Since 1/20 any downturns are owned by President Obama.

Mar 23, 2009 - 10:40 am 25. SteveB/Colorado:

This thread sounds mostly like a bunch of sore losers left over from last November. Where were you guys during 2000-2006 when Bush didn’t veto a single spending bill from the Republican congress (disclosure: I’m a traditional conservation Republican)? I agreed with his tax cuts. But where were the corresponding cuts in spending?? Instead of spending cuts, we got an unnecessary war in Iraq with no bid contracts; a Medicare prescription drug benefit with a ban on HCFA trying to get competitive bids for drugs. We also got the infamous No Child Left Behind and we turned over vast tracts of land in the West and off-shore to the energy companies so they could enhance their bottom lines instead of drilling. Why was it that over two thirds of awarded leases were idle at a time of $147 for a barrel of oil?

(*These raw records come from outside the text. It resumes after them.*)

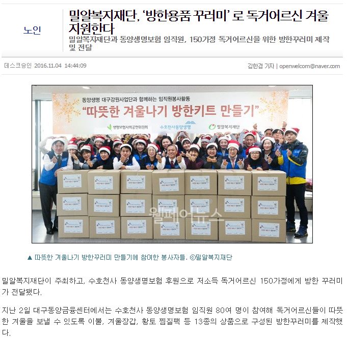 [한국인권신문] 밀알복지재단-동양생명보험, 저소득 독거노인에 ‘방한용품키트’ 전달
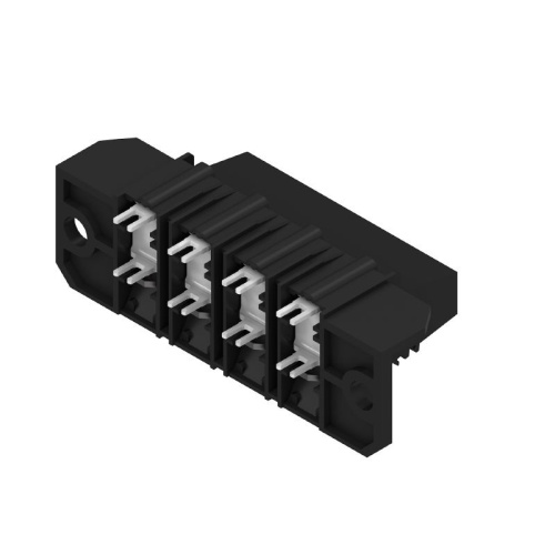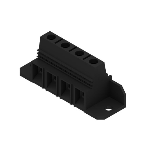 Fitted with flange for accommodating forces and fixing to PCB. 101 A, 1000 V and 25 mm² conductor cross-section are possible with this PCB terminal.
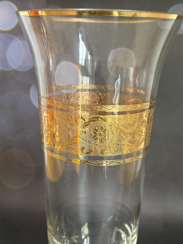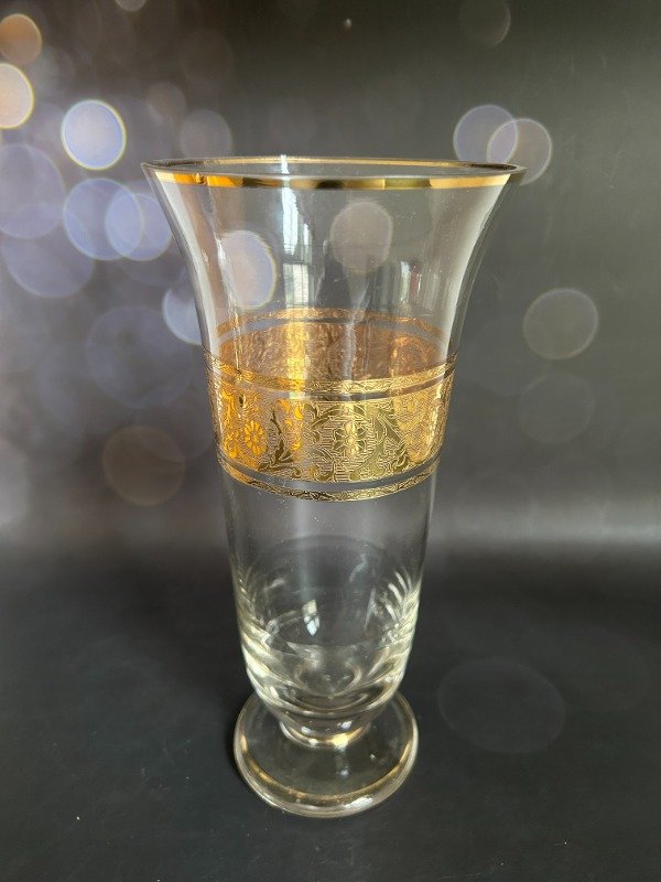 Este florero de cristal no solo es un objeto funcional para exhibir flores, sino también una pieza decorativa única que elevará la estética de cualquier habitación. Su diseño refinado y los detalles en dorado lo convierten en una adición elegante para cualquier colección de antigüedades.
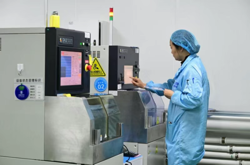 在柏乡县河北奥索电子科技有限公司物联网高端传感器项目5000余平方米的厂房内,一排排机器在无尘车间整齐排列,工人正加紧生产。
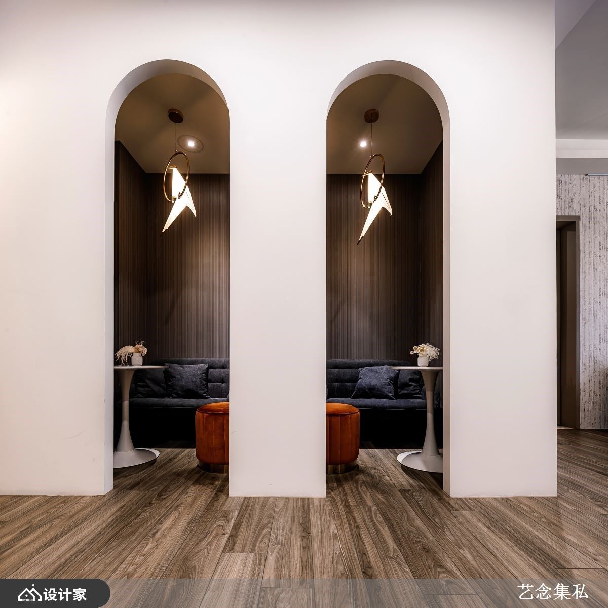 有别于一般医美诊所大量使用玻璃、磁砖等反光材质以及亮白的色调,赋真妍皮肤专科诊所从女性角度出发,空间定调上以建立“质量”、“美感”与“信任感”为设计核心。从毛胚屋开始规划,百坪大的复式楼运用木皮、石皮、壁纸与布幔等柔性材质创造出让人安心的空间气氛;软件陈列精品抱枕,搭配小鸟造型的设计灯饰等等,营造出奢华高端的空间美感,让顾客进来就能感受到空间带来的美学氛围,而摆放的沙发与抱枕、可以拍照打卡的网美墙以及舒适静谧的谘询诊间,让进来的顾客能感受到自己在生理与心理都能调整到更好的状态。

I’m no fan of Pelosi pork in spending bills. But let’s be honest here. There is ample blame to go around for the country getting into the fix it’s in.

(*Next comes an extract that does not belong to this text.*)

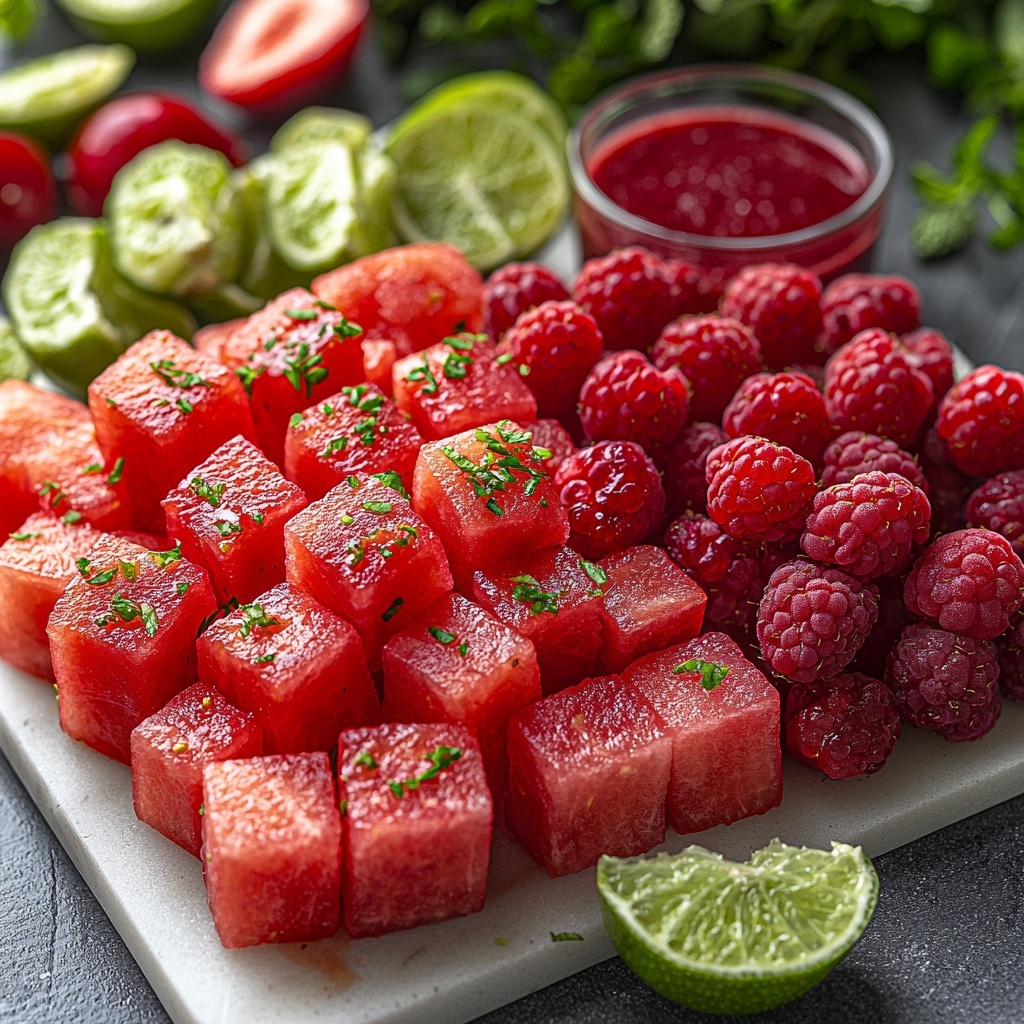 A vibrant and refreshing Watermelon Fruit Salad tossed with a zesty Lime Mint Dressing, perfect for a light, healthy snack or side dish. This colorful mix of watermelon, strawberries, raspberries, and cherries is elevated by a tangy, sweetened dressing featuring fresh lime juice, agave syrup, and chopped mint, creating a delightful combination of sweet and citrus flavors.

Mar 23, 2009 - 4:17 pm 26. SteveB/Colorado:

edit: that should be “conservative Republican…).

One other thought. US Navy just launched a brand new aircraft carrier in the Nimitz class designed to fight the Soviet Navy on the high seas. But didn’t the Soviet Union implode in 1991? Why are we spending this kind of money on the military, instead of making sure troops going into combat have body armor and protected vehicles.

Mar 23, 2009 - 4:20 pm 27. fred:

Mike @22,

I like the idea of the flat tax. If other countries are using it and it works, why can’t it work here?